Xbox Live Indie Games
Xbox Live Indie Games (abbreviated as XBLIG, and previously called Xbox Live Community Games abbreviated as XBLCG) are video games created by individual developers or small teams of developers released on Microsoft's Xbox Live Marketplace for the Xbox 360. The games are developed using Microsoft XNA, and developed by one or more independent developers that are registered with App Hub. Unlike Xbox Live Arcade titles, these are generally only tested within the local creator community, have much lower costs of production, and generally are less expensive to purchase. The service was released to widespread use alongside the New Xbox Experience, and as of November 2014[update], over 3,300 games have been released on the service, many receiving media attention. All Indie Games currently require the user to be logged into their Xbox Live account to initiate the start-up of each game. Indie Games are not available in Australia, due to the requirement for all games to be rated by the Australian Classification Board, and the prohibitive expenses involved.

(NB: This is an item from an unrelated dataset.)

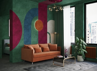 Спинка, выполненная в обивочной ткани, позволяет ставить диван в центре комнаты и зонировать пространство.

The program did not continue with the release of the Xbox One; the XNA software was discontinued in 2013, and in September 2015, Microsoft emailed developers outlining the end-of-life of the Xbox Live Indie Games program, expected to be complete by the end of 2017.
Initial tools for the development of games on the Xbox 360 platform were bundled in the XNA Game Studio Express 1.0, released in December 2006, as a means of introducing newer programmers to the steps in game programming. Additional releases of the XNA Game Studio added further features with the core software libraries, but the created games were limited to the developer's own console unit and could not be shared with others. During the Game Developers Conference in February 2008, Microsoft announced that it would be bringing the Xbox Live Community Games service to Marketplace, allowing these games to be shared with others. According to Microsoft's David Edery, portfolio planner for Xbox Live Arcade's, the company envisioned the Community Games as a way for programmers to bring niche experimental games to wider attention without justifying the cost of a full Arcade title with only a limited audience, while still potentially earning some money for the effort. Edery also cited the Community Games as a potential differentiator from either of the PlayStation Store and WiiWare services.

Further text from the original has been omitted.